Although her genre crossover has proved a great contrast to her past hits, like 2002’s Baroque pop “Gravity,” Teng’s new electronica pop sounds won’t be booting out her beloved piano in favor of synthesizers anytime soon, given that her lifelong classical education in piano was what drove her to pursue a music career.
“When I was in high school, I had a really great piano teacher who one day had me write down all the different dreams I had … [and] the goals and strategies for achieving them. It was … life changing. One of the things I wrote down was, ‘I want to be a performing musician, a composer.’ … By the time I got to college, I really wanted to make that happen,” Teng said.
However, Teng also promises that her tour will highlight a genre switch.
“The new set is so dense and complex and electronically driven,” Teng said. “[But] there will also be moments with just the piano [so the audience can] feel like they remember the kind of thing I used to do.”
For years, Teng’s aspirations seemed like a pipe dream at the time to skeptics, including her Taiwanese parents.
“It was a cultural struggle for them, because they were like, ‘Well, we don’t know artists and entertainers,’” Teng said. “It’s taken some time for me to introduce them to the idea that creative people aren’t all crazy, and they’re not all people who are oblivious to financial reality.”
Though her family’s discouragement didn’t deter their daughter from the path of a music career, Teng also attributes her personal interests as well as the content of her signature literate lyrics to her parents’ influence.

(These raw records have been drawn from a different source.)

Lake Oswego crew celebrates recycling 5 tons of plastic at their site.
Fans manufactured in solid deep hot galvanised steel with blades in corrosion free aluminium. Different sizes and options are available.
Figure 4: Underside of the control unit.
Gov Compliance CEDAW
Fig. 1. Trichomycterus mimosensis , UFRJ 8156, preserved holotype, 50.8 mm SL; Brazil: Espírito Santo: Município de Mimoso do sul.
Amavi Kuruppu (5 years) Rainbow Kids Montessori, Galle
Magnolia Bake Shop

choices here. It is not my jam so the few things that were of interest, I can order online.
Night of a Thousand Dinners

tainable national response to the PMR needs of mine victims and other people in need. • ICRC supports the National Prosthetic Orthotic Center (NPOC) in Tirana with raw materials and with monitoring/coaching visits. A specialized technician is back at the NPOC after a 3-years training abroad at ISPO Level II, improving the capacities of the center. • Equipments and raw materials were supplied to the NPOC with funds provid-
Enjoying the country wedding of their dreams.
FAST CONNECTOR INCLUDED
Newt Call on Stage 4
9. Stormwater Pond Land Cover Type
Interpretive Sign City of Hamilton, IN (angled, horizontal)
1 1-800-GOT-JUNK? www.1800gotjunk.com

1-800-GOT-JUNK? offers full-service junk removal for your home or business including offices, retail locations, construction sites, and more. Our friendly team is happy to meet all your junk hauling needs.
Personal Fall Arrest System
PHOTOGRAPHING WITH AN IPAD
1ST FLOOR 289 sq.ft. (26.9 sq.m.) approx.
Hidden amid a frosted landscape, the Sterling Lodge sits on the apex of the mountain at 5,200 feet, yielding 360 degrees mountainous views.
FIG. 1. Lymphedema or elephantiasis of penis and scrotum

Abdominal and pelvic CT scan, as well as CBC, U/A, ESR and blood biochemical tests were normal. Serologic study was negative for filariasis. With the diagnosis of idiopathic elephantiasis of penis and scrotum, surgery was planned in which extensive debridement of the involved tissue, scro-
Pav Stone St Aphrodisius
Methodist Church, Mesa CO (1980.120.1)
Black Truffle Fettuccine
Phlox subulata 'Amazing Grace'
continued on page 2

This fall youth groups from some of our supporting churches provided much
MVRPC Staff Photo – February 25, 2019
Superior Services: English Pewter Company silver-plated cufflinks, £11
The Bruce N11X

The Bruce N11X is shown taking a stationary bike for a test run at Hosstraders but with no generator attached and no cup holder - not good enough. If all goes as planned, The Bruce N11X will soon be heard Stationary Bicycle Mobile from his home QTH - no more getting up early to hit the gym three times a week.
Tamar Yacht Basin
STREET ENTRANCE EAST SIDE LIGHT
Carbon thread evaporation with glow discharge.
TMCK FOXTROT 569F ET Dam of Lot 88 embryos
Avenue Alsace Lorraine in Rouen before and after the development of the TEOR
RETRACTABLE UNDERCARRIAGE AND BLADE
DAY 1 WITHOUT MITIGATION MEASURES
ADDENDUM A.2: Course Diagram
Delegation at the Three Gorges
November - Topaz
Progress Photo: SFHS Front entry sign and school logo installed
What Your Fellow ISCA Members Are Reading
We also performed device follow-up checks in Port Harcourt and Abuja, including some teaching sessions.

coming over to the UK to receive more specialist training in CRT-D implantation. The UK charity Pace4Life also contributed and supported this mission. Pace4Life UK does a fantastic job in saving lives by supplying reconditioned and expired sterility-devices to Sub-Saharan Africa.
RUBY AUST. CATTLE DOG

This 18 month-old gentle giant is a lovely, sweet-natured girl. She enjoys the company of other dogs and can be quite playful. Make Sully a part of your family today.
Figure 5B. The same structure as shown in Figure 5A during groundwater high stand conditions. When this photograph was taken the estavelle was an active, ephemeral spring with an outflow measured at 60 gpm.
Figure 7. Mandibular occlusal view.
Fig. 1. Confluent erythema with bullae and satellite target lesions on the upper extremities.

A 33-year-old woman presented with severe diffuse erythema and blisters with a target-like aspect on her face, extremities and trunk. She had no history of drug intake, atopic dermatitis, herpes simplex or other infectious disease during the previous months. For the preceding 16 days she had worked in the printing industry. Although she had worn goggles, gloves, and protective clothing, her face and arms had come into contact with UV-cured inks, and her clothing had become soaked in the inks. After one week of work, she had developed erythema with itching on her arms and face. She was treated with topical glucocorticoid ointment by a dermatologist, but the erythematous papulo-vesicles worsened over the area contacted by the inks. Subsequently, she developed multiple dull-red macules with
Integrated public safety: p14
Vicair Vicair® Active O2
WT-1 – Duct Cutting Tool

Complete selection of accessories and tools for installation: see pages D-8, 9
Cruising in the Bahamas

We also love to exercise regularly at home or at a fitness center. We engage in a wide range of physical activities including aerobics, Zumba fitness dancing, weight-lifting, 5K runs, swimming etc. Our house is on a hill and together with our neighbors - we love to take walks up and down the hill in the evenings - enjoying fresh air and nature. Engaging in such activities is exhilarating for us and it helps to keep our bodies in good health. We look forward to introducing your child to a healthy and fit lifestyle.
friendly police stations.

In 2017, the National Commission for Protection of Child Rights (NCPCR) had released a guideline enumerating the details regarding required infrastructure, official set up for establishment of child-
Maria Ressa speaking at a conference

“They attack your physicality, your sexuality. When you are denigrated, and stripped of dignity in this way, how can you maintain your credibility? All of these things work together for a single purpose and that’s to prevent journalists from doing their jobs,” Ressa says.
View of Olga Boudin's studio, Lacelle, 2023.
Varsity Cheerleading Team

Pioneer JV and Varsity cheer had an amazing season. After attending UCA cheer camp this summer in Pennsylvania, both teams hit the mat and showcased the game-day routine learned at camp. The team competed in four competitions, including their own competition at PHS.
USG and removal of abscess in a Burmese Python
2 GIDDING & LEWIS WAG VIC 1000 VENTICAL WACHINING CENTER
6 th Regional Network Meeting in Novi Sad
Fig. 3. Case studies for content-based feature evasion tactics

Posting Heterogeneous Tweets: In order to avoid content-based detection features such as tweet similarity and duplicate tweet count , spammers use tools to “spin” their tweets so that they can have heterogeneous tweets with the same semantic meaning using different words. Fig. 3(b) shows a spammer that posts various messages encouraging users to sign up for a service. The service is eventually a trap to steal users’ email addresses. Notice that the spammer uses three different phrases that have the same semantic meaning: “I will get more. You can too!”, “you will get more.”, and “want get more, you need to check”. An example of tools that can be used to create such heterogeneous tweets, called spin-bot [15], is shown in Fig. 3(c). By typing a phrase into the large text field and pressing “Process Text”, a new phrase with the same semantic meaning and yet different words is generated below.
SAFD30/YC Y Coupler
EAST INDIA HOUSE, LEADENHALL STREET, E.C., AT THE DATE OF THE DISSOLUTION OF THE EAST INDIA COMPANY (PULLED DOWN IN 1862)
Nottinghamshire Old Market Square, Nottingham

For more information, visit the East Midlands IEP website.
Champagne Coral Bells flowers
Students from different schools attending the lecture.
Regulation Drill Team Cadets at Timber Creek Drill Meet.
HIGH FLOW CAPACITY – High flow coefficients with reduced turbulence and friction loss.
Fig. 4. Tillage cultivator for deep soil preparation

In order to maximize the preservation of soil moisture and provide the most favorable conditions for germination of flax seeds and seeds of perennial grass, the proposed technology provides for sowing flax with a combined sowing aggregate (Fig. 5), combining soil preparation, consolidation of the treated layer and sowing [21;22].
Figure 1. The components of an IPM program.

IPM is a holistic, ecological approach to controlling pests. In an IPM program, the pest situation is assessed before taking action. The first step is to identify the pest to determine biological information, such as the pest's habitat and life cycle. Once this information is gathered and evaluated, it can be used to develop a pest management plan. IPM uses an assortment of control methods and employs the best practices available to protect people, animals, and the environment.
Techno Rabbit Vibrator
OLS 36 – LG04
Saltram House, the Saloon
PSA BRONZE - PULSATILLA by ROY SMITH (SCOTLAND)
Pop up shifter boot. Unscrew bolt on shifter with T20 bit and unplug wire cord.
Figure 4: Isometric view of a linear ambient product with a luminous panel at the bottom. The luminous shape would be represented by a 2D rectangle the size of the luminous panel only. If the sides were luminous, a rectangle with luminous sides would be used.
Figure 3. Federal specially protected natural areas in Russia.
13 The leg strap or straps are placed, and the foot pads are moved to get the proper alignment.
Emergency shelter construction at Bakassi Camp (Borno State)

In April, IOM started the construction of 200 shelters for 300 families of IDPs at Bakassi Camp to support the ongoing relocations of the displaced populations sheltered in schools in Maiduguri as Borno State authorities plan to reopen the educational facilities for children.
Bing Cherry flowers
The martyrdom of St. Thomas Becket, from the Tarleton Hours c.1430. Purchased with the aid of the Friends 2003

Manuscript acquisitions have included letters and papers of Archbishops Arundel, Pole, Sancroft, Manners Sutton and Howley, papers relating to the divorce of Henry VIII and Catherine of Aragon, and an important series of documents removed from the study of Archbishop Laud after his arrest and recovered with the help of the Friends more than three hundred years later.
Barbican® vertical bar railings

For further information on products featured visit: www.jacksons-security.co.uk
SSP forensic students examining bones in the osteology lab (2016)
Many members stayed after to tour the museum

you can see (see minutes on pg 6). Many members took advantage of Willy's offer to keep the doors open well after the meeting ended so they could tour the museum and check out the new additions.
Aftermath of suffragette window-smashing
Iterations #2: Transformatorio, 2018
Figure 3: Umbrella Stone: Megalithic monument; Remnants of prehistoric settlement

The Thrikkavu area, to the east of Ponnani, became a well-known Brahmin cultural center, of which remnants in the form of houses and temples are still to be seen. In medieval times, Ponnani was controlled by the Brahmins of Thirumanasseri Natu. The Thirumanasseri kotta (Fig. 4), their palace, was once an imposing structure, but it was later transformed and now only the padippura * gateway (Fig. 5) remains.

“I think that it’s important to my parents that their kids be intellectual in some way and to present themselves as intelligent, empathetic human beings,” Teng said. “So I think that it does come across in my music that they instilled that in me. It is something that I genuinely want to communicate: […] there’s also something really important to look at in the wider world and to be involved in where humanity is going and to figure out what my place is in it.”
Certainly the sort of intellectual discourse that Teng strives to achieve in her songs branched into all aspects of the making of “Aims,” including her decision to use a map depicting population changes in Detroit — her home during her musical hiatus — for the album’s cover art.
“When I look at that map, … there was the notion that that map looks like so many other things, [such as depicting] some people who are really trying to work together across Democrat-Republican lines,” Teng said. “Also that map [made me think] this accounts for a lot of things that are going on in the world right now. You can look and first [think], ‘Wow, there’s a lot of bad stuff going on.’ It can seem like [the people of Detroit] should just give up. On the other hand, you can look closer and say, ‘You know, people are really fighting their way to stay on top of [it].’”
Indeed, this describes her message in “Aims” in a nutshell. Teng sings in her latest single “Level Up,” “Begin again/ Dynamite the dam on the flow/ … / Lord, we are all cinders/ From a fire burning long ago/ But here it is the knock knock knock of your own heart that matters.” The Renaissance woman’s novel approach to music and her vision to shape the world into a better place makes her a standout — not to mention that she may be the only musician who knows how to use “sustainability” in a sentence several times coherently.